1. The verdict finding the defendant guilty of voluntary manslaughter, under an indictment charging him with murder, was not without evidence to support it. Taking the facts as detailed by the defendant in his statement to the jury, it was left open to question whether the alleged assault upon him, therein set up as the ground of reasonable fear, was, as the same appeared to him at the time of the homicide, felonious or of a less serious nature; and thus the jury were authorized to find that-the accused did not really entertain any such fear, but that there was a minor assault upon him, sufficient to justify the excitement of passion, which finding would support a verdict of voluntary manslaughter. See Chestnut v. State, 112 Ga. 366 (37 S. E. 384).
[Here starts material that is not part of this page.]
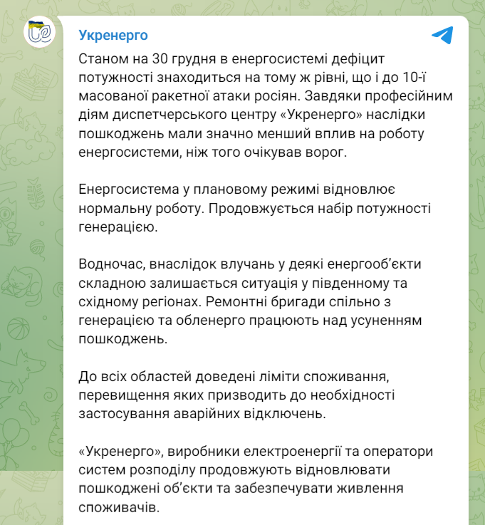 По состоянию на 30 декабря в энергосистеме Украины дефицит мощности находится на том же уровне, что и до 10-й массированной ракетной атаки россиян. Благодаря профессиональным действиям диспетчерского центра "Укрэнерго" последствия повреждений оказали значительно меньшее влияние на работу энергосистемы, чем ожидал враг.

2. “The weight to be given to the evidence of witnesses alleged to have been impeached is not one of the material questions in the case, without allusion to which the charge would be necessarily defective. It is only incidental or collateral to such material point; and therefore a failure to charge concerning it will not require a new trial, where the attention of the court has not been called to it, and no request to charge concerning it has been made.” Smith v. Page, 72 Ga. 539. See also Robison v. State, 114 Ga. 445 (40 S. E. 253), and cit. The facts of the case under consideration do not bring it within the rulings in Stafford v. State, 55 Ga. 591, and Plummer v. State, 111 Ga. 839 (36 S. E. 233). “In each of those cases a witness himself admitted that his testimony given upon a former trial was false, while in the present case the witnesses sought to be impeached stoutly denied that their testimony on the committal trial was different from what they testified in the last trial. This distinction seems to have been sufficiently material to call for the different rulings above referred to.” Robison v. State, supra. The court did not err in overruling the motion for new trial.
Judgment affirmed.
Broyles, C. J., and MacIntyre, J., concur.